Dr. Kalisch found that when missed care increases – nurses become less satisfied, and patient outcomes such as infections and pressure ulcers are directly impacted. She linked teamwork, lack of a healthy work environment, and staffing to missed care. A lack of teamwork alone accounted for 11% of the variance in missed care. We are seeing all this play out in real-time in our healthcare environments today.
Most acute care units today are staffed by fewer nurses with significantly less tenure than when Dr. Kalisch did her research. Making decisions about what care to miss without a significant impact on patients is complex and requires a high level of critical thinking.
Yet we are leaving our nurses to make their own decisions. I would urge leaders to talk with staff about how they make decisions about what care to omit and how frequently they do not do the following:
- Ambulate patients as ordered.
- Turn patients every 2 hours.
- Feed patients when the food is warm.
- Medicate patients within a one-hour window 30 minutes before or after the scheduled time.
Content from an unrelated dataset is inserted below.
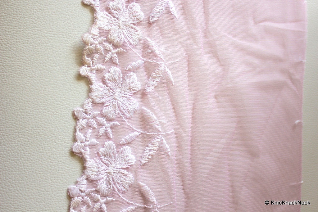 Pink Net Lace With White Flowers Embroidery Approx. 20cm wide - 030315L110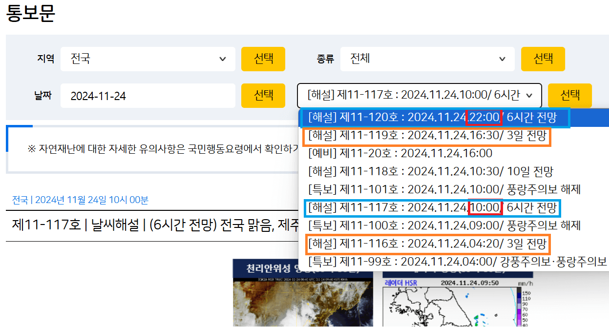기상청 날씨누리 초단기 예보는 통보문에서 매일 오전 10시, 오후 22시에 6시간 전망 날씨해설을 발표합니다.

- Assess vital signs as ordered.
- Monitor patient intake and output.
- Fully document all necessary data.
- Teach patients about their illness and the tests they will undergo.
- Provide emotional support to patients and families.
- Give baths and skin care.
- Do oral care.
- Do discharge teaching.
- Perform bedside glucose monitoring as ordered.
- Assess patients on each shift.
- Provide IV and Central line care per hospital policy.
- Respond to call lights within 5 minutes.
- Give PRN medications within 15 minutes after a request.
- Assess medication effectiveness.
- Attend interdisciplinary care planning conferences.
- Do skin and wound care as ordered.
These young nurses need our help in critically thinking through the decisions they are already making about what care can be missed.